A Time of Reflection, Pt 2

So 20 years ago, I was a High School senior dreaming of what I would be when I grew up and preparing to start tackling those dreams.

I pointed out in the previous post that, even though I would have told you that I was a Christian, I was not walking with the Lord at all. Mistake #1.



Fast forward 10 years. I am married {to an unbeliever - mistake #2}. After several months of trying, we are finally pregnant! We called everyone we knew to tell them the good news. We even came to an agreement on a name for the baby {if it were the boy we were hoping for}.

I had an early ultrasound since it was my first pregnancy. There we found out that we were not in fact pregnant. My body just thought that it was. The technical term is a blighted ovum, which means something went wrong during the fertilization and there was not a baby in the growing fetal sac.

Devastated. My entire world came crashing down. My foundation was built on shifting sand and it just imploded.

It hurt so badly and deeply to even think about, so I began to numb the pain. I escaped reality. I looked for anything or anyone that made life fun and happy, even if it was temporary. My husband was not being supportive or loving {I mean who could love the tornado I had turned into anyway}, so I looked for love in other places.

At the time, one of my best friends was also going through a very difficult emotional situation. We often referred to ourselves as train wrecks. We were out of control friends searching for anything to make us happy. I was a horrible influence on her and she was a horrible influence on me.

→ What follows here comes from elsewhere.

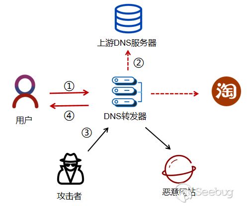 4.DNS轉發器接受了這個偽造的回復,并發送給用戶,于是用戶請求訪問的淘寶被重定向到了攻擊者操縱的惡意網站。
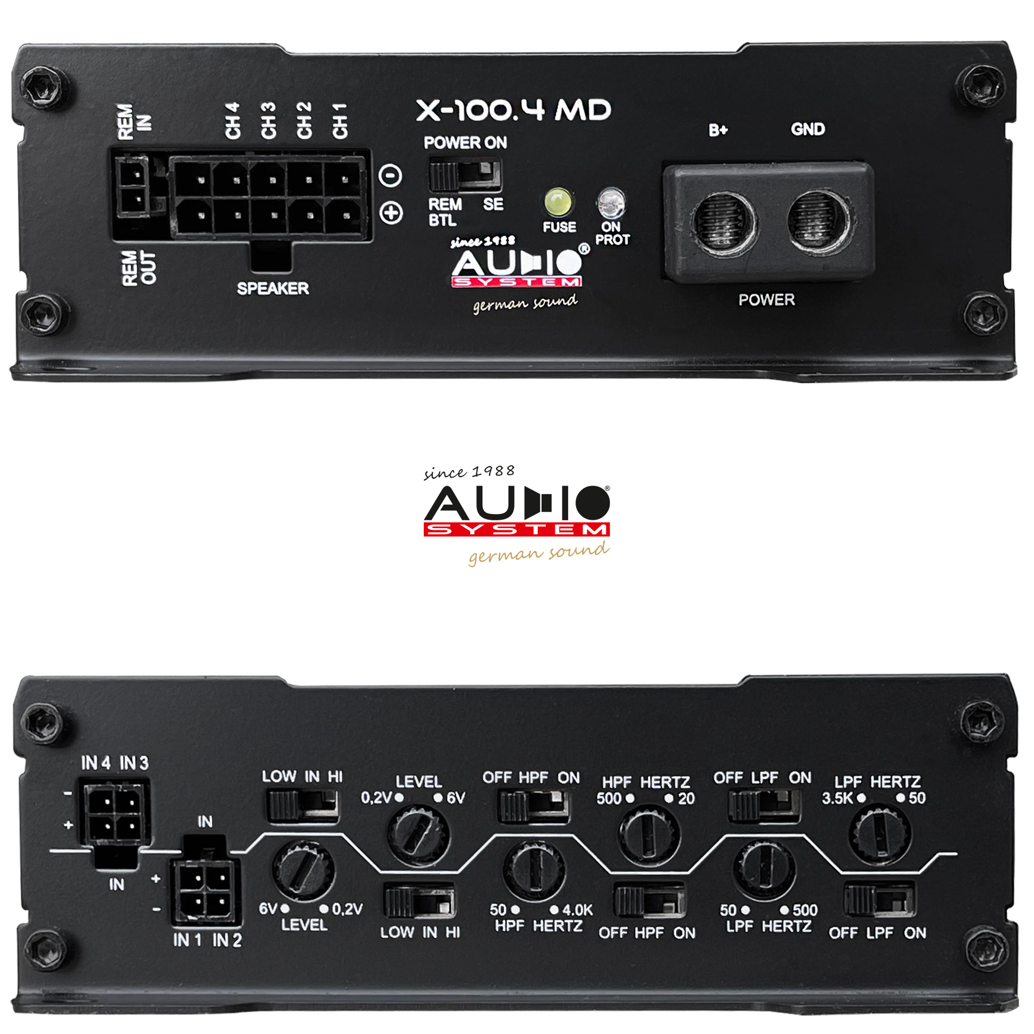 RMS Leistung an 4 Ohm Stereo: 4 x 100 Watt

But we would have both told you that we were Christians.

10 years ago...

I lost the baby I longed for.

I ruined the marriage I thought would last forever.

I pushed everyone away and hurt anyone who dared get in my way of having fun.

I was on my way to breaking all 10 commandments.

I ran as far away from God as I possibly could.


God was going to show me that it took more than walking an aisle or being dunked in water to be a follower of Christ. I had to lose everything so that I could clearly see the glory and grace of God.


Whoever says “I know him”
but does not keep his commandments is a liar,
and the truth is not in him {1 John 2:4}
 
Whoever says he is in the light
and hates his brother
is still in darkness. {1 John 2:9}
 
Do not love the world or the things in the world.
If anyone loves the world,
the love of the Father is not in him. {1 John 2:15}
 
 
Ashamed and broken. Hurt and alone. I had broken so many hearts and I cannot even imagine how God was feeling at this point, looking down on the mess I had made of my life. It took a while to get back on the right path to God, but at least I was starting to search again. At least it was becoming very, very obvious that I needed to be back in church.
 
Hebrews 12 tells us, "My son, do not regard lightly the discipline of the Lord, nor be weary when reproved by him. For the Lord disciplines the one he loves, and chastises every son whom he receives.” 
 
I was not being punished for my sin - Jesus took care of all that on the cross. I was being disciplined in order that I might seek the Lord. I was being disciplined to save my life.

I am ashamed of my sin, but I am thankful for the Lord's forgiveness and mercy. My life has changed so much in the last 10 years that it is hard to remember who I used to be. Of course, there are ramifications to the sin I committed {mostly emotional scars and temptations for sin} that I will carry for my entire life - but I have found love, forgiveness, grace, mercy and eternal hope in Jesus.

Have you experienced forgiveness through Jesus? Do you know for sure that you will go to heaven when you die? If not, I highly suggest you learn more about Jesus and how to become a genuine Christian.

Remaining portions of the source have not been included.